= Internegative =

Motion picture film duplicate

An internegative is a film-strip duplicate of the original motion picture. The colored counterpart to an interpositive. A low-contrast color image is used as the positive between the original camera negative and a duplicate negative.

After a film is shot, the original negatives—taken directly from the camera equipment—are edited into correct sequence and printed onto fresh stock as a cohesive film, creating an interpositive print used for color timing. From the interpositive, answer prints, which include the color-corrected imagery and a properly synced sound track, are made. Once approved by the studio, the final answer print is made into an internegative used for striking copies that will be delivered to theaters for viewing.

==Overview==
Internegatives are the workhorses of the film industry. They are made on exactly the same stock as interpositives.
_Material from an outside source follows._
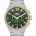 Часы Slazenger SL.09.2128.2.04 воплощают в себе элегантность и практичность, идеально подходящие для современных мужчин. Их зеленый циферблат, защищенный минеральным стекломМинеральное стеклоМинеральное стекло представляет собой искусственно выращенный минерал кварца. Такое стекло отличается особой устойчивостью к повреждениям и царапинам. Уступает по некоторым качествам сапфировому стеклу., заключен в корпус диаметром 46 мм, изготовленный из прочного суперметалла, а безельБезельВнешний ободок, закрепляющий стекло. В спортивных часах так называется поворотное кольцо с делениями на циферблате, выполняет роль таймера – замеряет отрезки времени на шкале. Неподвижный безель – элемент декора. Однонаправленно вращающийся безель на дайверских часах позволяет фиксировать моменты погружения и выныривания на поверхность. этих часов из суперметалла с залотистым IP-покрытиемIP-покрытиеМетод ионного напыления. Демонстрирует повышенную устойчивость к истиранию, окислению и химическим веществам. Под воздействием высокого давления и температуры около 1500°C молекулы металла надёжно соединяются с частицами корпуса часов.. Надежный кварцевый механизм обеспечивает точность, а водозащита 5 ATM делает их устойчивыми к воздействию воды. Стальной браслет из суперметалла с раскладной застёжкойРаскладная застёжкаТакой тип застёжки используется только на браслетах из металла. Она никогда не раскрывается полностью, происходит разделение на 2 и более частей. Раскладывающая застёжка снизит вероятность потери часов к минимуму. подчеркивает современный стиль и комфортно сидит на запястье. Часы оснащены 24-часовым указателем времени, а также функциями отображения даты и дня недели. Люминесцентное покрытиеЛюминесцентное покрытиеПозволяет считывать показания времени в темноте. Производители наносят на стрелки, часовые индексы, безель или поверхность циферблата светонакопительный состав, дающий холодное свечение. на стрелках и метках обеспечивает отличную видимость в темноте.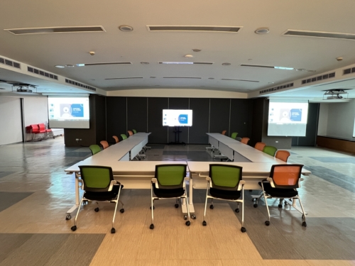 現場為可容納百人的教育訓練會議室 , 透過活動隔音牆的調整 , 可將空間分成前/後兩區同時使用 , 又或是兩區域打通做全區使用 , 故現場配置環控系統 , 可讓使用者快速的利用無線控制面板操作影音設備及燈光 , 切換所需的客製化使用情境。

The film processes usually go from one polarity to another, that is:

1. The camera operator shoots a positive image and the film ends up as a negative.
2. The original negative is printed onto stock that comes out as an interpositive. Often, two interpositives were made, one to be archived and one to continue through the process.
3. The interpositive is color timed (to balance the scenes) into the internegative.
4. The internegative makes the positive release print.

When an internegative wears out during printing, a new internegative is made from the interpositive and release printing resumes. There are some films (reversal film) that can go from positive to positive or negative to negative but are not used very often.

Each time the original camera negative, the only image source, is run through the printing machine, there is a hazard that the film could be damaged.

Printing release prints from the composited camera negative was common until about 1969. Thereafter, most printing was done from internegatives which were made from an interpositive.

Prints continue to be made from the composited camera negative. Usually such a print run is limited to a few prints. These are sometimes called "showprints" (a DeLuxe trademark), or, more generally, "EKs" (after Eastman Kodak), and are generally reserved for the producer and for exhibition in first-run engagements. Other exhibitors will almost always receive conventional prints made from internegatives.

For quality and safety reasons, video transfers are almost always made from an interpositive. An internegative is a less desirable alternative. On rare occasions, the composited camera negative may be used for video transfers, but it will have to be carefully retimed for color/density.

Where a color-reversal intermediate was used, a positive-to-positive color process could be achieved. However, its use was limited, often giving unsatisfactory color reproduction, and restricted to 16mm.

With very few exceptions, 35mm has utilized a negative-to-positive process.